Search code examples
javaniojava-io

Best way to write huge number of files


I am writing a lots of files like bellow.

public void call(Iterator<Tuple2<Text, BytesWritable>> arg0)
        throws Exception {
    // TODO Auto-generated method stub

    while (arg0.hasNext()) {
        Tuple2<Text, BytesWritable> tuple2 = arg0.next();
        System.out.println(tuple2._1().toString());
        PrintWriter writer = new PrintWriter("/home/suv/junk/sparkOutPut/"+tuple2._1().toString(), "UTF-8");
        writer.println(new String(tuple2._2().getBytes()));
        writer.close();
    }
}

Is there any better way to write the files..without closing or creating printwriter every time.


Solution

  • There is no significantly better way to write lots of files. What you are doing is inherently I/O intensive.

    UPDATE - @Michael Anderson is right, I think. Using multiple threads to write the files (probably) will speed things up considerably. However, the I/O is still going to be the ultimate bottleneck from a couple of respects:

    • Creating, opening and closing files involves file & directory metadata access and update. This entails non-trivial CPU.

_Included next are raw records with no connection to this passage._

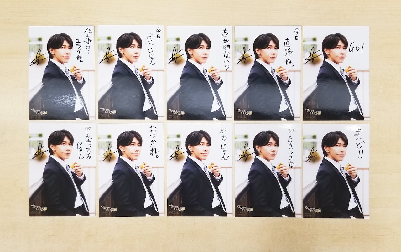 ※在庫分に直筆のサイン入り+手書きコメント入りデコレーションブロマイドが何個含まれているかはわかりません。予めご了承ください。また、手書きのため、文字の劣化(擦れやキズ、裏移りや裏写りによるブロマイドの裏側の一部剥離等)がある場合がございます。
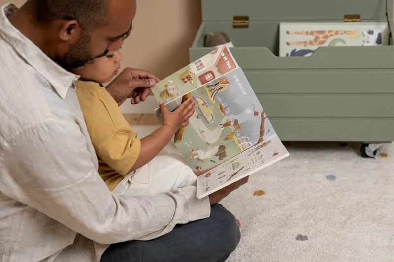 What do you see on the beach? Can you point out the painting in the house? And have you seen the fire truck in traffic? Look and point it out! The beautiful illustrations and recognizable situations in this picture book ensure that your little one will eagerly open this book. Let your child point out the cheerful illustrations, name them, and come up with their own story. It’s fun to do together and it also develops vocabulary. Place the book in the play area so it’s always within reach when your child wants to read alone or needs a moment together.
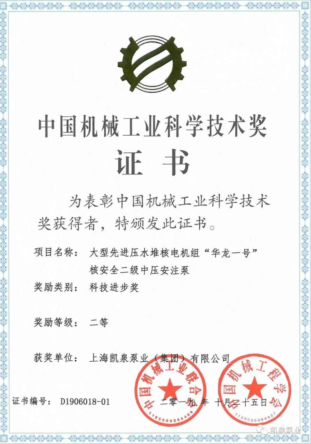 近日,郑州伟业食品安全管理有限公司与中广核工程有限公司联合研制的《大型先进压水堆核电机组“华龙一号”核安全二级中压安注泵》项目荣获中国机械工业科学技术奖——科技进步奖二等奖。大型先进压水堆核电机组“华龙一号”核安全二级中压安注泵国产化研制的成功,对发展民族工业能力,对增强我国核能装备的竞争能力都起到了一定的积极作用。另外,研制过程中一些关键技术的解决,如Q-H曲线陡降的设计方法,多工况点低比速高效和汽蚀性能优
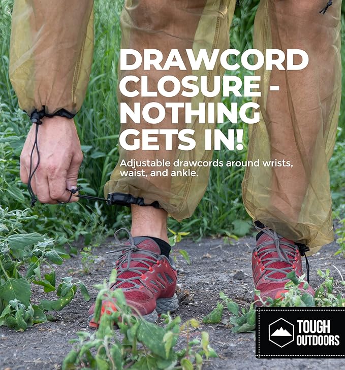 - Secure Fit, Full Coverage: Adjustable drawcords block bugs at wrists, waist, and ankles. This mosquito net suit keeps your bug suits for men secure as you move, paddle, or jump all day.
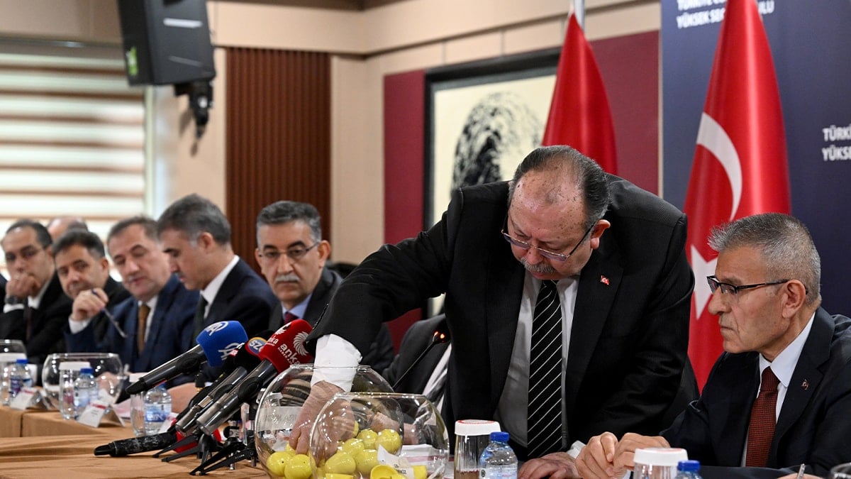 Yüksek Seçim Kurulu (YSK) Konferans Salonu'ndaki kura törenine, YSK Başkanı Ahmet Yener, YSK üyeleri ile siyasi partilerin temsilcileri katıldı.

    • The file data and metadata changes need to be written to disc. That is possibly multiple disc writes.

    • There are at least 3 syscalls for each file written.

    • Then there are thread stitching overheads.

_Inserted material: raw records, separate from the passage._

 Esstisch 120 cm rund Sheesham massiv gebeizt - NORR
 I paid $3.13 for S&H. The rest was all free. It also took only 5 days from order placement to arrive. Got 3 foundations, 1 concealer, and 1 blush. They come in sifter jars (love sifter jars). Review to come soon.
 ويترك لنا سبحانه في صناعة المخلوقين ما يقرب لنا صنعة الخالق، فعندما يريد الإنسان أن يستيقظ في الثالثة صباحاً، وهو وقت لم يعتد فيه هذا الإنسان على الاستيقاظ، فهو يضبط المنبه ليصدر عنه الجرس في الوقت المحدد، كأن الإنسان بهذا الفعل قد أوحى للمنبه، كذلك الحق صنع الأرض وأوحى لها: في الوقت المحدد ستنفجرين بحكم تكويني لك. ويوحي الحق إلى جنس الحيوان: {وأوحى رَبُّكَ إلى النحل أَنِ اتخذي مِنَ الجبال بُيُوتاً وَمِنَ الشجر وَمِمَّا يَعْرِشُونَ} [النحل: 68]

    Unless the quantity of data written to each file is significant (multiple kilobytes per file), I doubt that the techniques like using NIO, direct buffers, JNI and so on will be worthwhile. The real bottlenecks will be in the kernel: file system operations and low-level disk I/O.


    ... without closing or creating printwriter every time.

    No. You need to create a new PrintWriter ( or Writer or OutputStream ) for each file.

    However, this ...

      writer.println(new String(tuple2._2().getBytes()));
    

    ... looks rather peculiar. You appear to be:

    • calling getBytes() on a String (?),
    • converting the byte array to a String
    • calling the println() method on the String which will copy it, and the convert it back into bytes before finally outputting them.

    What gives? What is the point of the String -> bytes -> String conversion?

    I'd just do this:

      writer.println(tuple2._2());
    

    This should be faster, though I wouldn't expect the percentage speed-up to be that large.